The post you are reading is years old and may not represent my current views. I started blogging around the time I first began to study philosophy, age 17. In my view, the point of philosophy is to expose our beliefs to rational scrutiny so we can revise them and get better beliefs that are more likely to be true. That's what I've been up to all these years, and this blog has been part of that process. For my latest thoughts, please see the front page.

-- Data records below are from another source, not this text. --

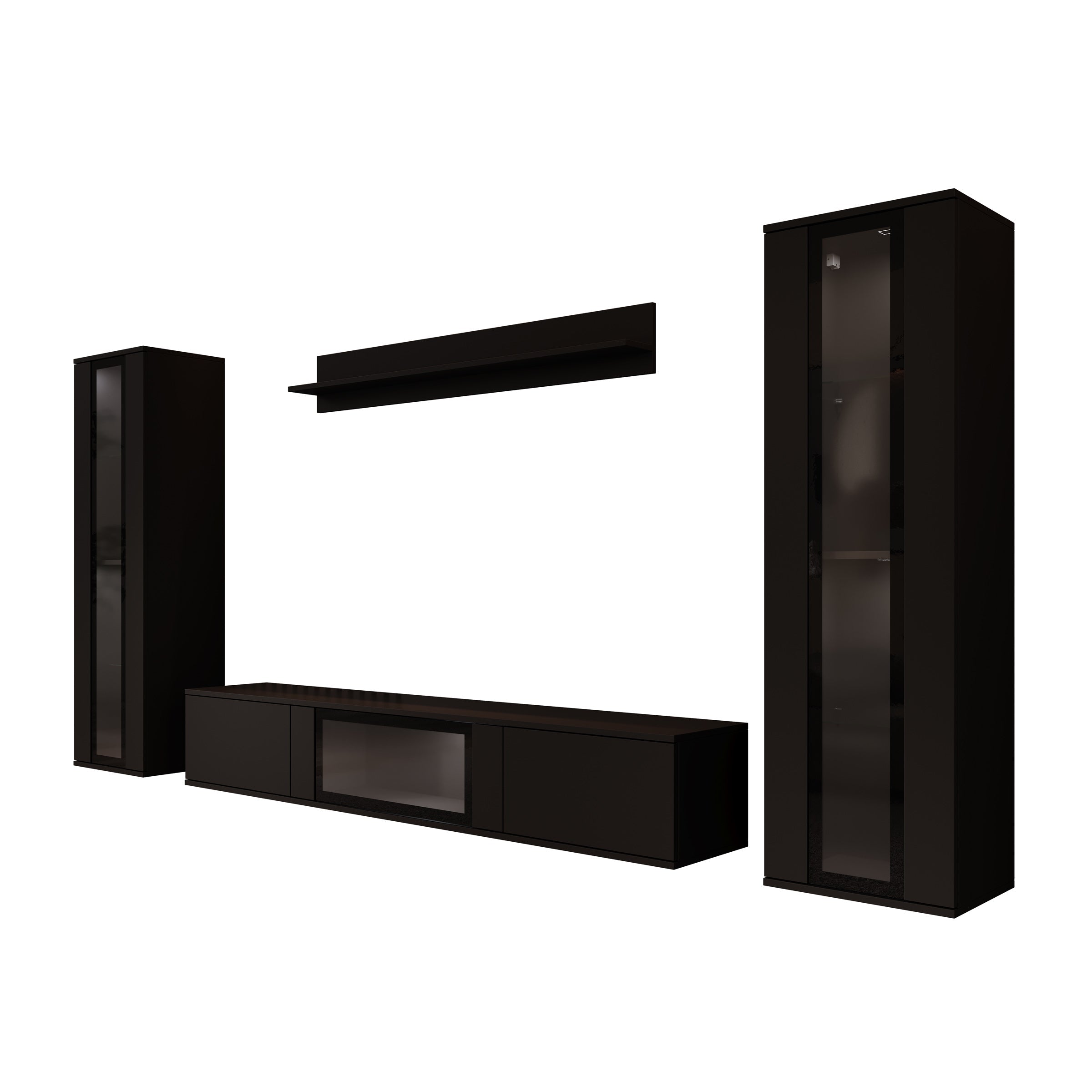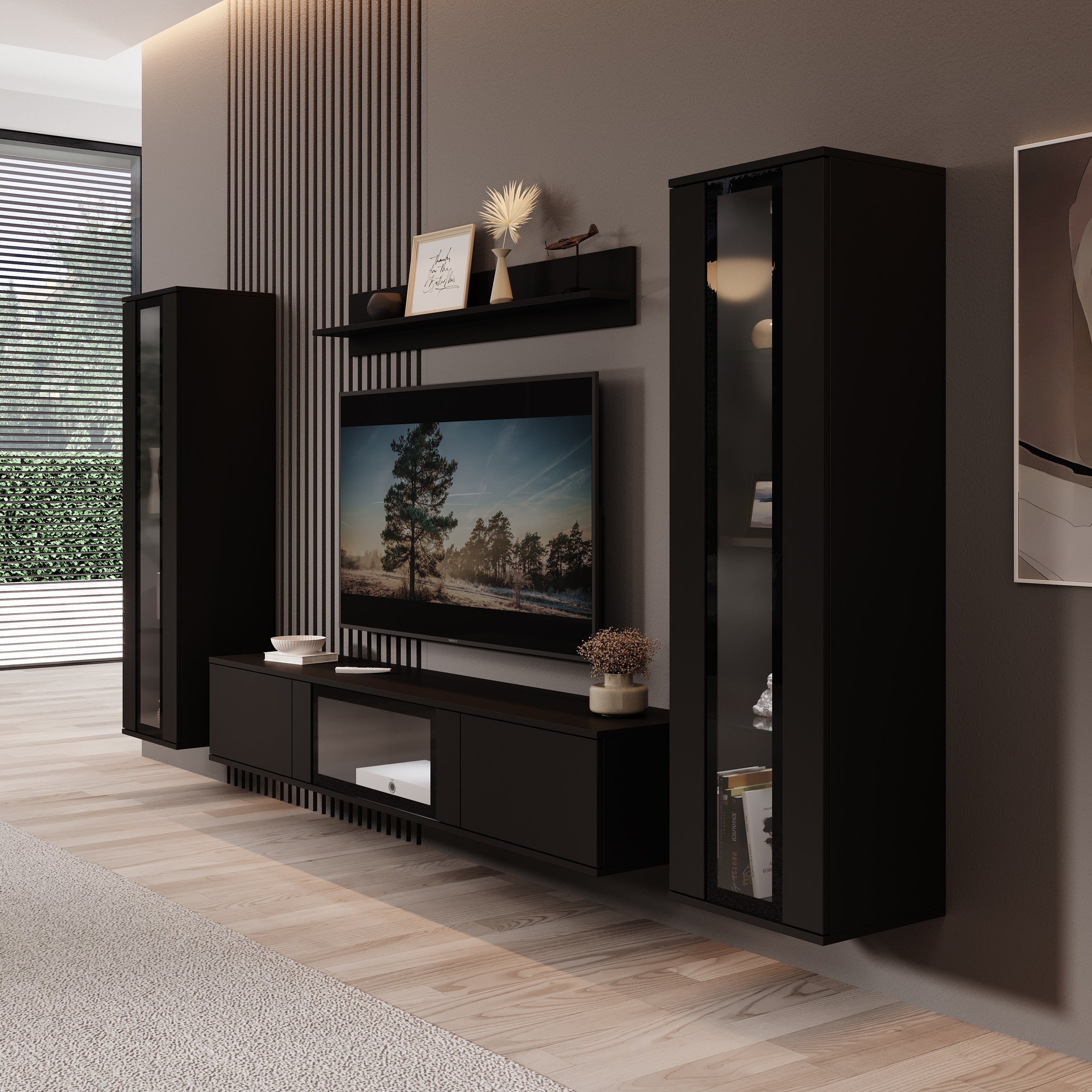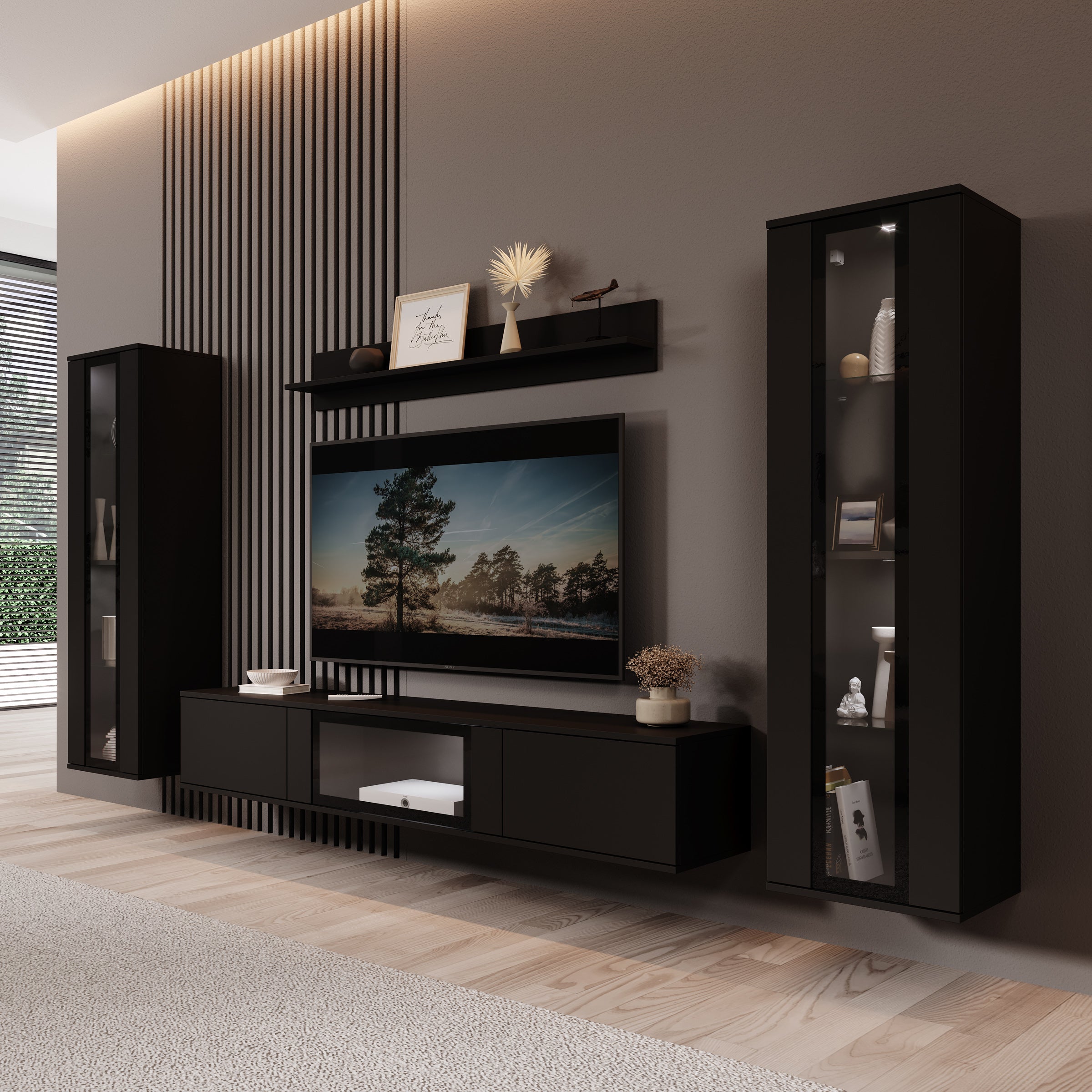 Wandmeubel Capone bestaat uit 1 wandplank, 2 vitrinekasten en 1 tv-meubel. De 3 kasten zijn hangend of staand te monteren. De pootjes van 5 cm hoog zitten erbij. De kasten zijn greeploos en voorzien van verlichting. De Capone is uitgevoerd in zwart.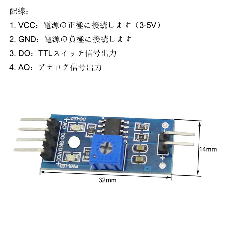 - LM393, use wide voltage comparator, TTL level output, TTL output effective signal low level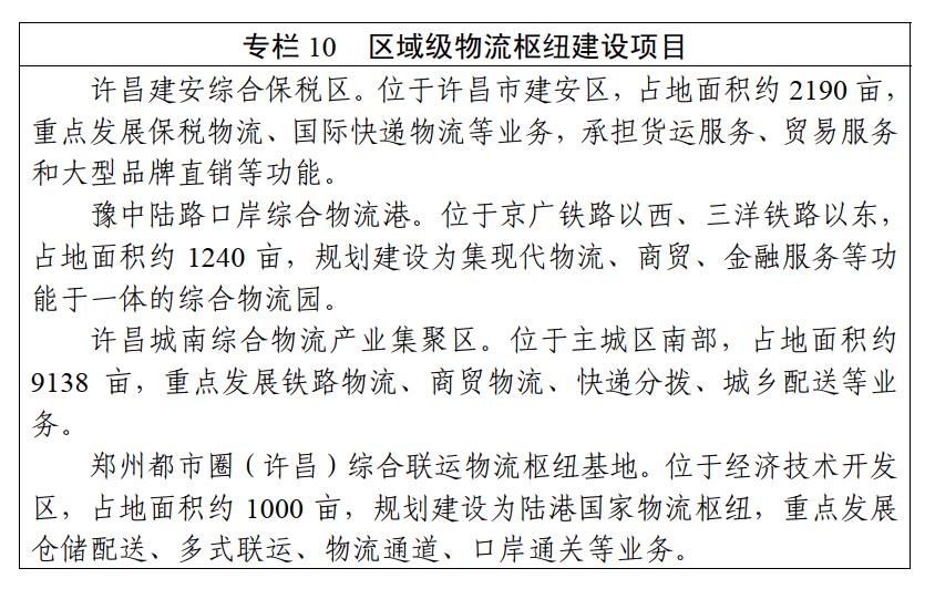 内陆口岸枢纽经济区。依托许昌保税物流中心、中国(许昌)跨境电子商务综合试验区、豫中陆路口岸综合物流港,大力发展口岸经济、保税经济,完善保税仓储、流通加工、国际分拨与配送等功能,发展战略新兴、跨境电商、国内国际贸易等增值性服务,助推加工贸易转型升级,畅通国际要素流动。推动郑许海关互认、口岸功能共享,共建特色跨境电商基地,打造对外开放新高地。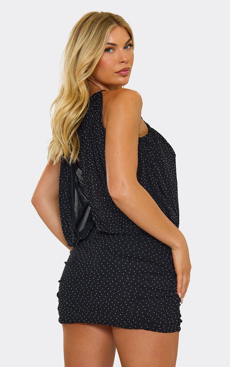 High Neck Open Back Layered Frill Hem Mini Dress In Black
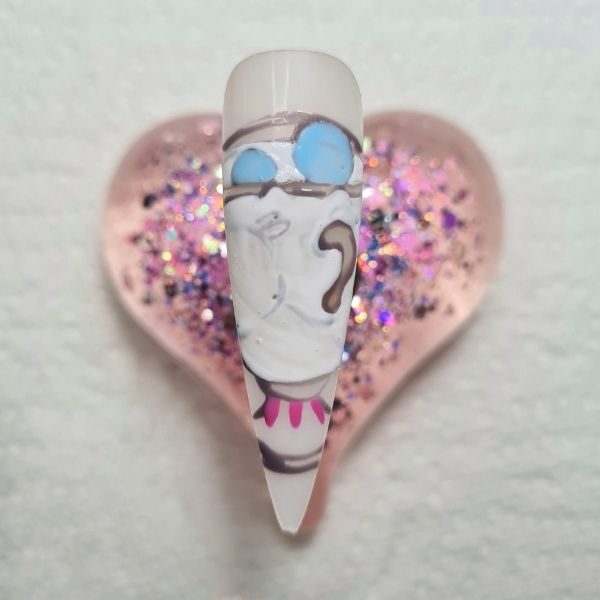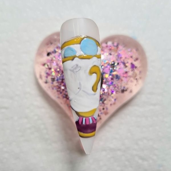 Add the white to colour the body of the cup, blue for bubbles inside the cup, and begin the art colours on the stand of the cup on Chip's feet.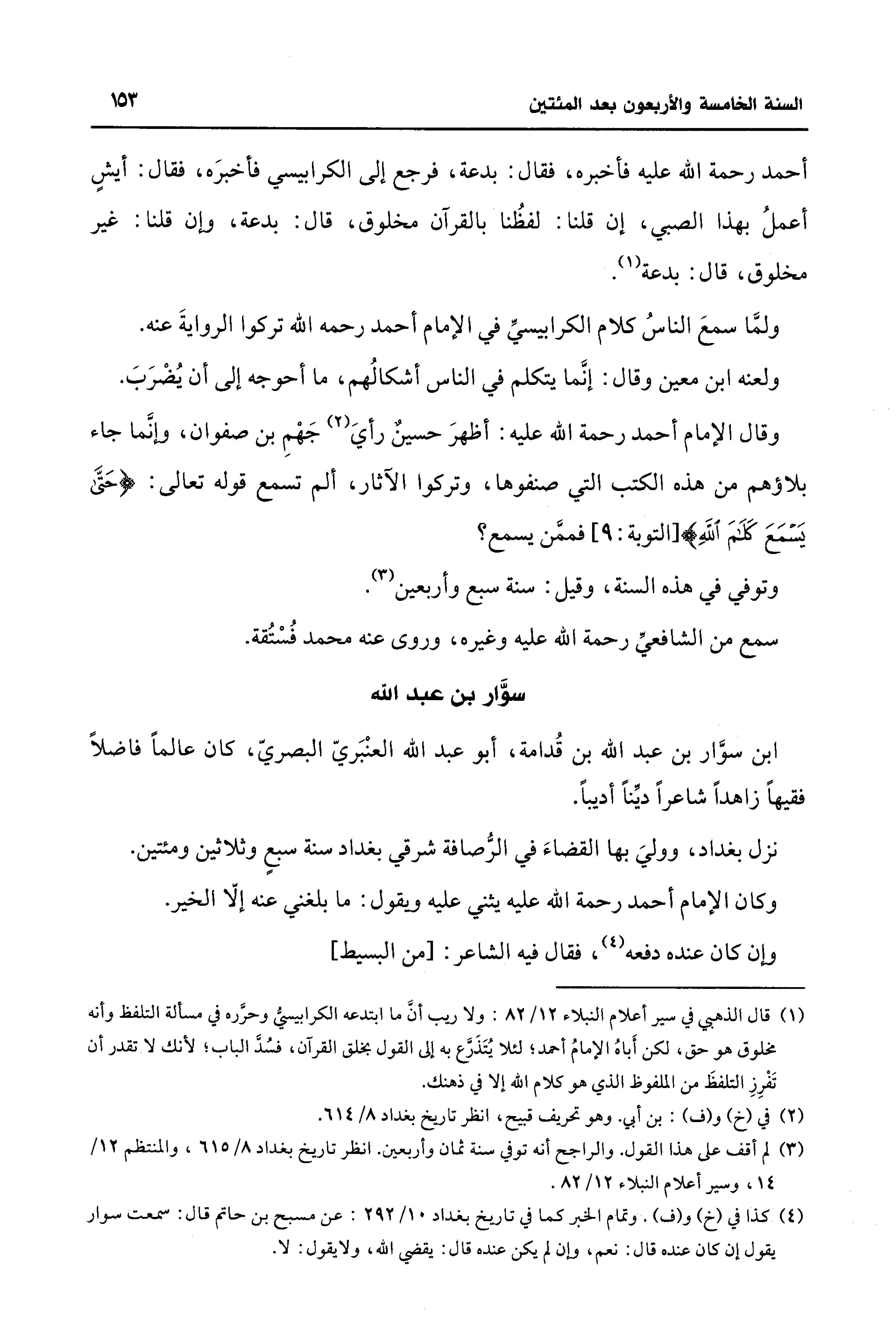 (¬1) قال الذهبي في سير أعلام النبلاء 12/ 82: ولا ريب أنَّ ما ابتدعه الكرابيسيُّ وحرَّره في مسألة التلفظ وأنه مخلوق هو حق، لكن أَباهُ الإمامُ أحمد؛ لئلا يُتَذَرَّع به إلى القول بخلق القرآن، فسُدَّ الباب؛ لأنك لا تقدر أن تَفْرِزِ التلفظَ من الملفوظ الذي هو كلام الله إلا في ذهنك.

Reductivism, Eliminativism, and Berkeley's Theory of Physical Objects

In present-day metaphysical discussions it is common to distinguish between 'reductivism' and 'eliminativism' with respect to some class of objects, C. These can be thought of as two different ways of denying the (fundamental, metaphysical) existence/reality of the objects in C. Examples of classes discussed by philosophers in this way include minds, conscious experiences, and macrophysical objects. The two views may be given a linguistic formulation as follows:

Linguistic Reductivism (LR): Sentences which appear to assume the existence of the putative objects in C are strictly and literally true, although, in metaphysical rigor, the putative objects do not exist. (The appearance is misleading.)

Linguistic Eliminativism (LE): Sentences which appear to assume the existence of the putative objects in C are strictly and literally false (although they may be true in some loose and popular sense).

Someone committed to LR with respect to macrophysical objects would say that when I say there is a table in my living room I only appear to assume that there are such things as tables - in reality, the truth of this sentence does not require that there be tables. Someone committed to LE would say, instead, that when I say there is a table in my living room that sentence is false, since there is no such thing as a table. Still, an adherent of LE might admit, there are certain facts about arrangements of atoms and my perceptions and so forth such that talk about tables can be pragmatically useful, and so might be 'true' in some loose and popular sense.

Reductivism and eliminativism can also be formulated in more explicitly metaphysical terms:

Metaphysical Reductivism (MR): The facts about the objects in C are nothing over and above the facts about objects in some other class, D.

Metaphysical Eliminativism (ME): There are no objects in C, and so there are no facts about the (putative) objects in C.

In the metaphysical formulation, the eliminativist about macrophysical objects would simply and straightforwardly state there are no such things as tables. The reductivist would instead say that the facts about tables are exhausted by facts about particles. In other words, to move back in a linguistic direction, if you were to describe the whole world just in terms of particles, with no mention of tables, you wouldn't be missing anything. This might be because tables simply are collections of particles (this corresponds to the 'identitarian' position in philosophy of mind), or the relationship might be more complicated.

It seems to me that in contemporary discussions, the metaphysical and linguistic versions are usually treated simply as different formulations of the same position, and it should be easy to see why.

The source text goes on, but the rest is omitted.